ACTIVITY | A precise reproduction of every record below is needed, minus the pictures.

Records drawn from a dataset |
- - - -
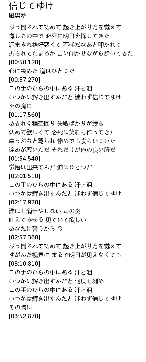 | [03:39.920] | いつかは辉き出すんだと 迷わず信じてゆけ |
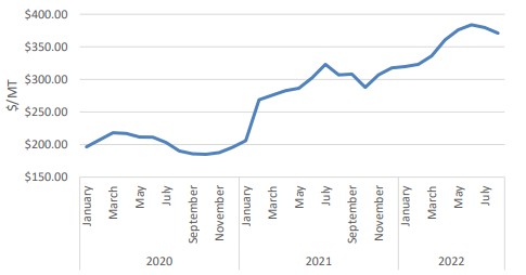 После августовского WASDE ставки основных экспортеров выросли. Заявки США выросли на 26 долларов за тонну до 325 долларов. В августе Министерство сельского хозяйства США сократило среднюю урожайность по стране на 1,6 бушеля с акра, что привело к снижению производства и небольшому сокращению экспорта из США. Заявки Бразилии выросли всего на 4 доллара за тонну до 294 долларов.
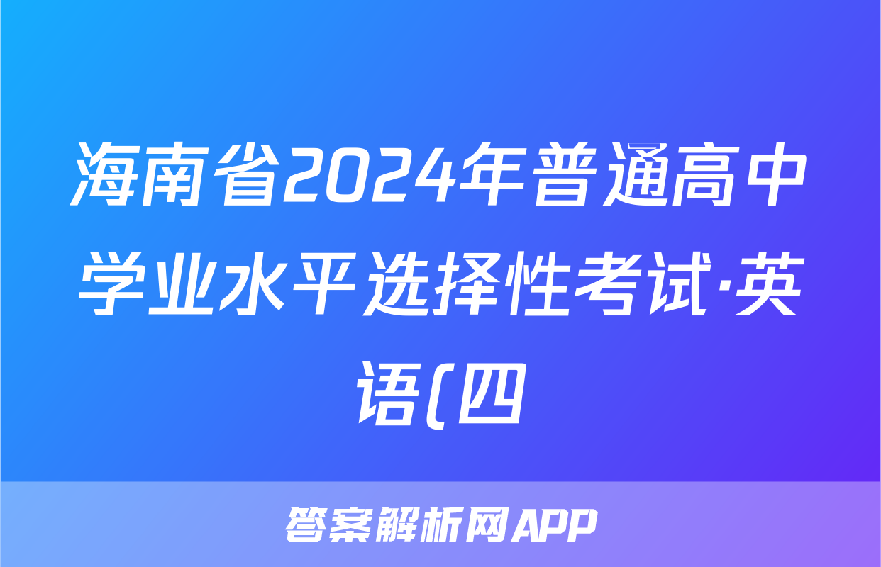 海南省2024年普通高中学业水平选择性考试·英语(四)4[24·(新高考)ZX·MNJ·英语·HAIN]答案正在持续更新,目前2024-2025衡中同卷答案网为大家整理了相关试题及答案,供大家查缺补漏,高效提升成绩。
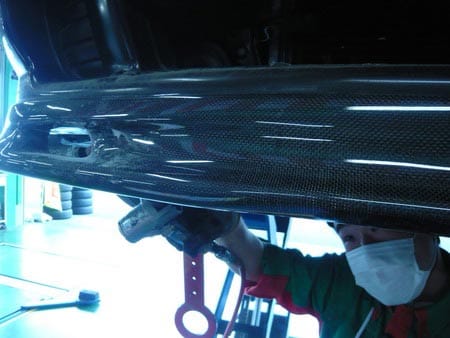 フロントリップスポイラ―の取り付けです。FRP製の物は大体、削ったりして
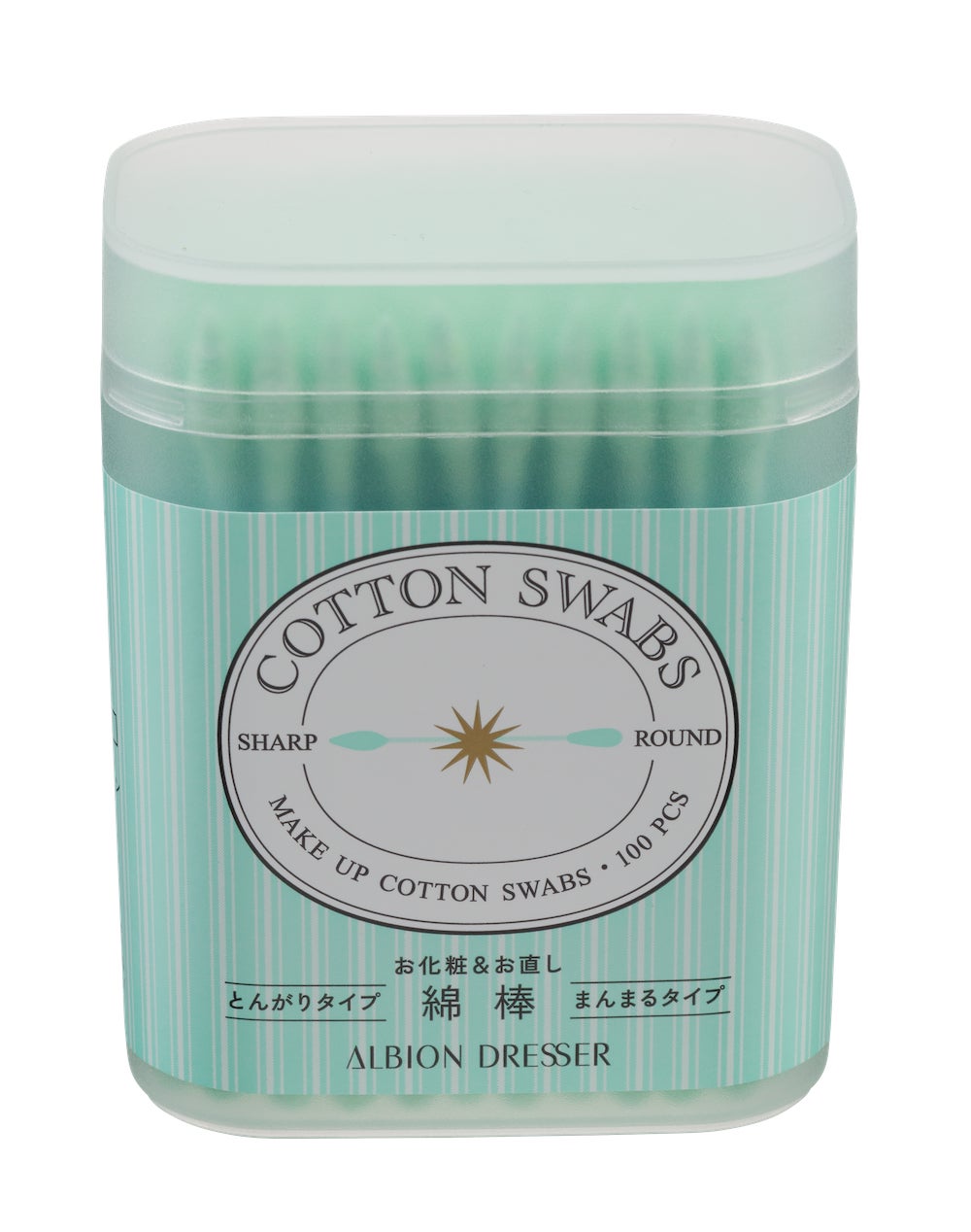 アイラインやリップなどの細かいメイク直しにおすすめのミントグリーンの綿棒。「筆先型」と「丸型」の組み合わせ。目のキワや目尻など、一般の丸い綿棒ではお直ししにくい細かなメイク直しにぴったり。パッケージと綿棒本体に、アルビオン ドレッサー オリジナルカラーをあしらい、メイク直しの時間も気分が上がるアイテムです。
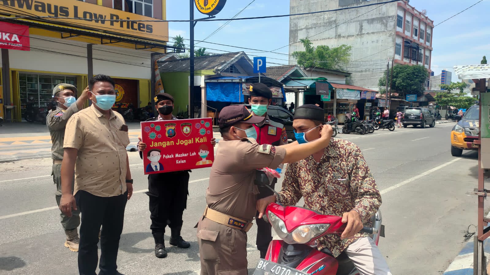 Selain menyampaikan himbauan, personil juga membagikan masker secara gratis kepada warga yang sekitar yang kedapatan tidak memakai masker saat melaksanakan aktivitas.
- - - -
RESPONSE TO THE EXERCISE |
 | [03:39.920] | いつかは辉き出すんだと 迷わず信じてゆけ |
 После августовского WASDE ставки основных экспортеров выросли. Заявки США выросли на 26 долларов за тонну до 325 долларов. В августе Министерство сельского хозяйства США сократило среднюю урожайность по стране на 1,6 бушеля с акра, что привело к снижению производства и небольшому сокращению экспорта из США. Заявки Бразилии выросли всего на 4 доллара за тонну до 294 долларов.
 海南省2024年普通高中学业水平选择性考试·英语(四)4[24·(新高考)ZX·MNJ·英语·HAIN]答案正在持续更新,目前2024-2025衡中同卷答案网为大家整理了相关试题及答案,供大家查缺补漏,高效提升成绩。
 フロントリップスポイラ―の取り付けです。FRP製の物は大体、削ったりして
 アイラインやリップなどの細かいメイク直しにおすすめのミントグリーンの綿棒。「筆先型」と「丸型」の組み合わせ。目のキワや目尻など、一般の丸い綿棒ではお直ししにくい細かなメイク直しにぴったり。パッケージと綿棒本体に、アルビオン ドレッサー オリジナルカラーをあしらい、メイク直しの時間も気分が上がるアイテムです。
 Selain menyampaikan himbauan, personil juga membagikan masker secara gratis kepada warga yang sekitar yang kedapatan tidak memakai masker saat melaksanakan aktivitas.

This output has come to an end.